Her life burned to ash behind her. Clio waded through the soft spring soil of a field, one her husband and his brothers had plowed just today. Her booted feet sinking with each step into the churned earth.
“It wasn’t supposed to be like this.” she whispered. To herself. To the On High. To the Heavens. To anyone that might listen and make this day have not happened.
If any one of them heard her, they gave her no sign.
Clio wasn’t pious… before. This wasn’t helping her faith none.
The barn was far enough away that it would take time for the fire to spread to it. The animals inside didn’t know that. The draft horse whinnied high and loud, stomping its feet in its stall. The pigs ran around in their pit, chickens clucking like mad. How was she supposed to move them all?
***
With great difficulty. The homestead Clio had married into wasn’t far from her parent's farm. It still took her most of the night to bring all the animals back. And she lost two pigs to wolves and several chicks to them wandering off. Any other woman would have probably lost them all and her life. But not Clio.
Not the Witch Girl.
It wasn’t spells that kept her safe. She didn’t know any. Clio wasn’t a real witch, if such things were real. No, Clio was queer. Odd and wrong, to many of the good folk of her village. Because Clio was stubborn. Because she remembered another life. One whose wisdom she should have listened to more.
Arrows and woodcraft kept her safe, for Clio’s weirdness wasn’t witchery, but a friendship struck between a wild child and an old childless hunter that cared little for the opinions of villagers that rarely left their little place in the world.

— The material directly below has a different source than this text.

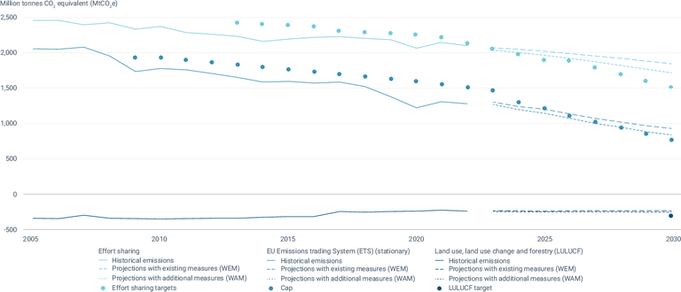 See all EU institutions and bodiesThis figure shows the EU-27 greenhouse gas emission targets, historical and future emission trends of emissions covered by the Effort Sharing legislation, the EU Emission Trading System (ETS) and the Land Use, Land Use Change, and Forestry sector (LULUCF).

Clio was a huntress. And she wanted to be a traveler, a peddler.
“Well, no. I wanted to be a knight.” A hero. Someone who mattered. That was the dream…
…of another lifetime.
The sun was still low below the horizon when Jur, the family dog, smelled her and woke them all up. His friendly yips and barks brought her a measure of relief. Her father came out of the house, wood axe in hand. Fearing the worst. Bandits, raiders. Ironmen, perhaps. Raiders were armed with shoddy iron, but weapons still, the mainstay of bandits and desperate folk everywhere. But those who took a liking to that life took up the moniker of Ironmen. Those had been the doom of many a homestead.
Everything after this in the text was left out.